«

Complete human genome T2T-CHM13v2.0 available in Galaxy


»

While the first version of an improved human genome resulting from the Telomere-to-Telomere (T2T) Consortium efforts got reported in 2020, it has taken two years of additional work to achieve something that the scientific community has been eagerly awaiting since: the first complete, gap-free sequence for all 24 human chromosomes (including Y).


Graphical Abstract

Resolved sequences by the T2T-CHM13v2.0 reference genome.

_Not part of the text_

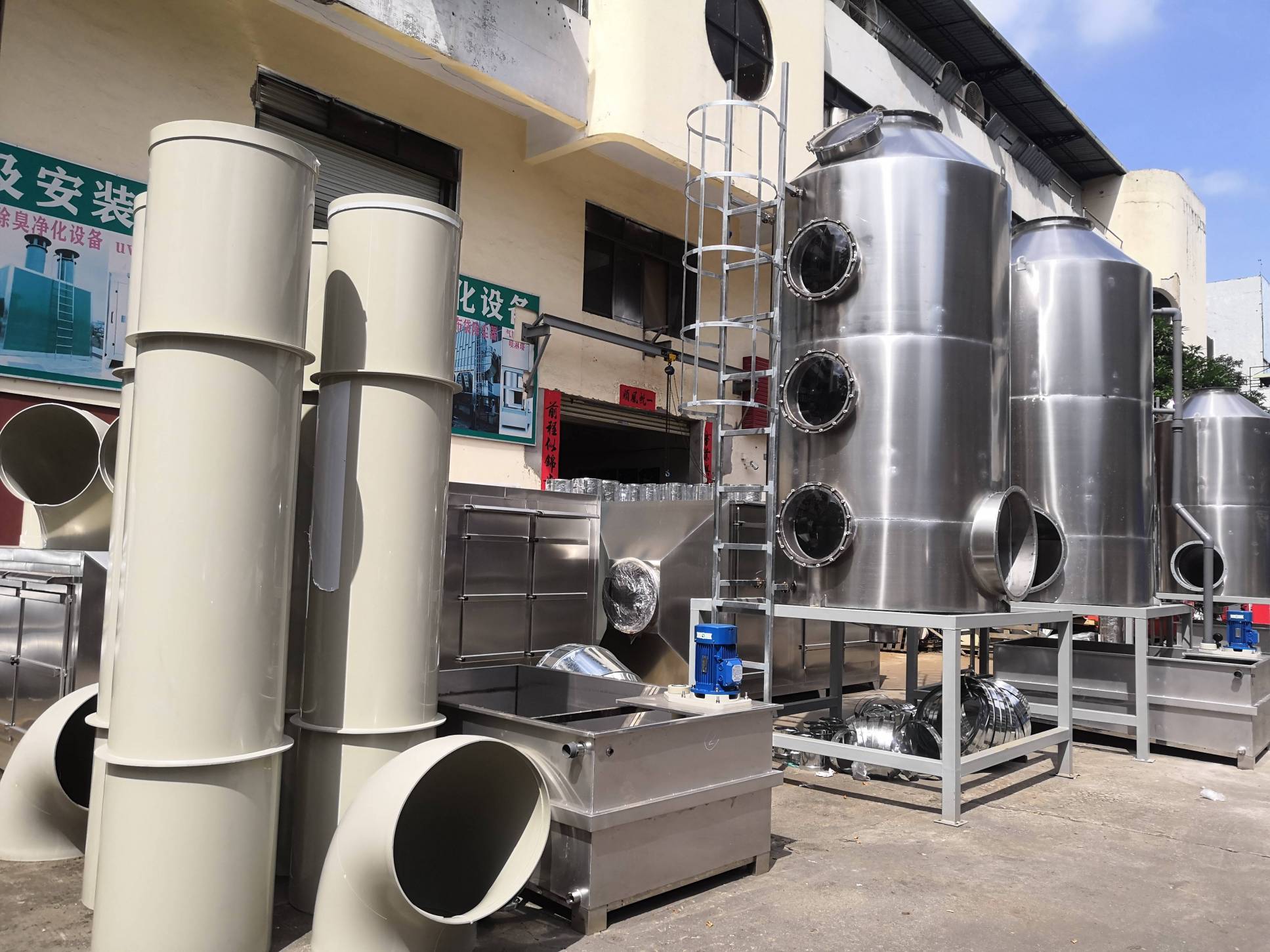 根據(jù)廢氣類型和場(chǎng)地需求我們采用噴淋塔+兩級(jí)活性炭對(duì)其進(jìn)行處理。反應(yīng)釜廢氣處理配套一臺(tái)17170風(fēng)量pp噴淋塔+兩臺(tái)17170風(fēng)量的不銹鋼材質(zhì)活性炭吸附塔+干式過(guò)濾與大功率防爆離心風(fēng)機(jī)+自動(dòng)化電控柜系統(tǒng)。
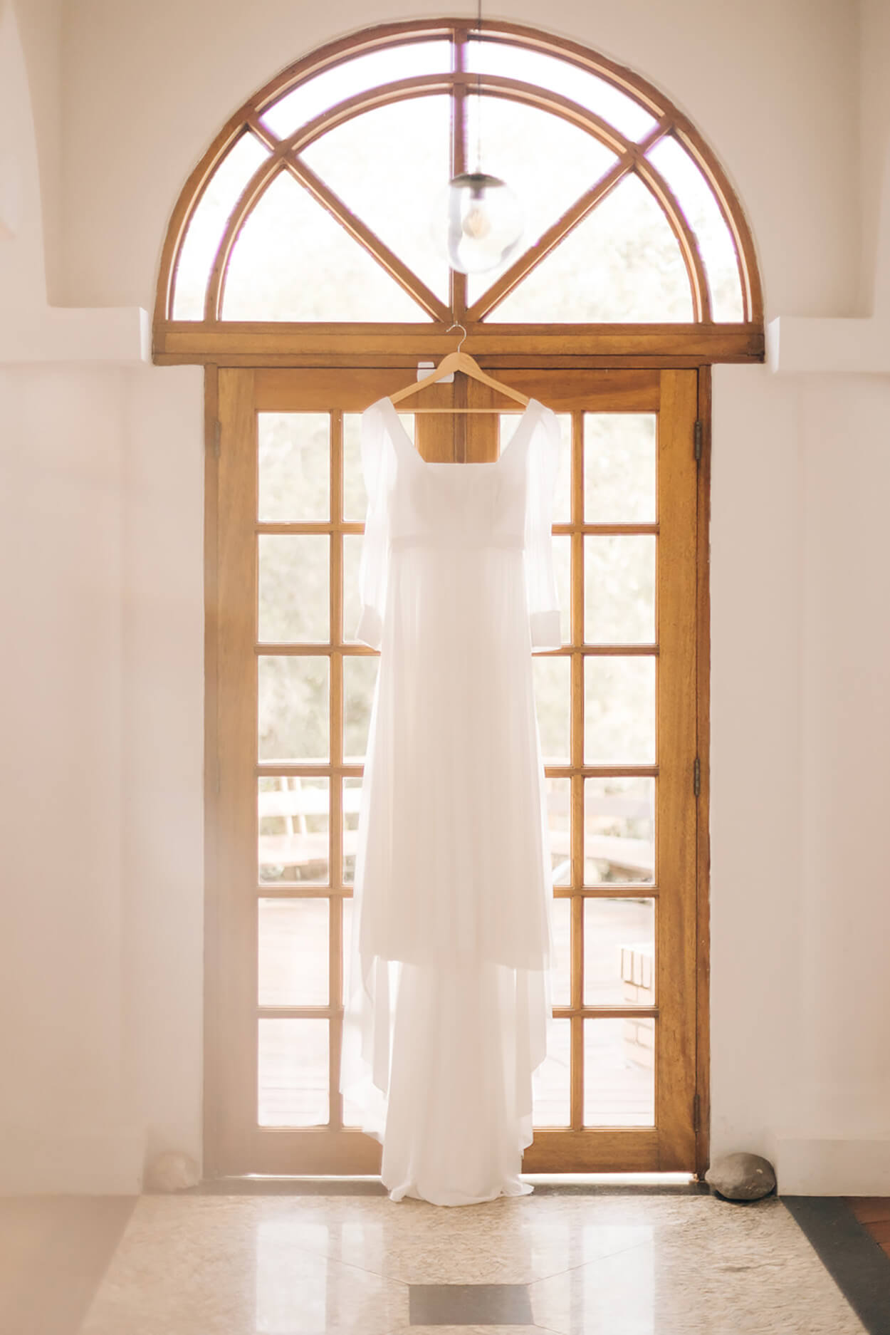 É óbvio que a Ana também iria incorporar o minimalismo no seu vestido! O modelo ficou com o caimento perfeito em seu corpo, e o decote quadrado, além de dar aquele ar de princesa, também valorizou o seu busto e colo. Por fim, ela não queria deixar as suas amigas esperando e organizou um first look cheio de emoção.

Resource: T2T consortium


The T2T-CHM13v2.0 reference genome, generated primarily by long-read sequencing, provides a significant improvement in the characterization of centromeric satellite repeats, transposable elements, and segmental duplications.

Compared to the latest version, GRCh38, of the human reference genome, it adds nearly 200 million base pairs of novel DNA sequences, revealing 2,880 genes with no assigned GRCh38 orthologs, and nearly 2,000 candidate new genes. The filled gaps include the entire short arms of five human chromosomes and cover some of the most complex regions of the genome. In addition, the new version corrects thousands of structural errors and includes, for the first time, the complete sequence of the Y chromosome.

This genome is now available as built-in indexed genome in the wide collection of mapping tools that Galaxy puts at your disposal (e.g. RNASTAR, HISAT2, BWA-MEM). Enjoy your research!


References:

[1] Nurk, S., Koren, S., Rhie, A., Rautiainen, M., Bzikadze, A. V., Mikheenko, A. & Phillippy, A. M. (2022). The complete sequence of a human genome. Science, 376(6588), 44-53.

[2] Zahn, L. (2022). Filling the gaps. Science. 376(6588), 42-43.

[3] Gershman, A., Sauria, M. E., Hook, P. W., Hoyt, S. J., Razaghi, R., Koren, S., … & Timp, W. (2021). Epigenetic patterns in a complete human genome. Science. 376(6588).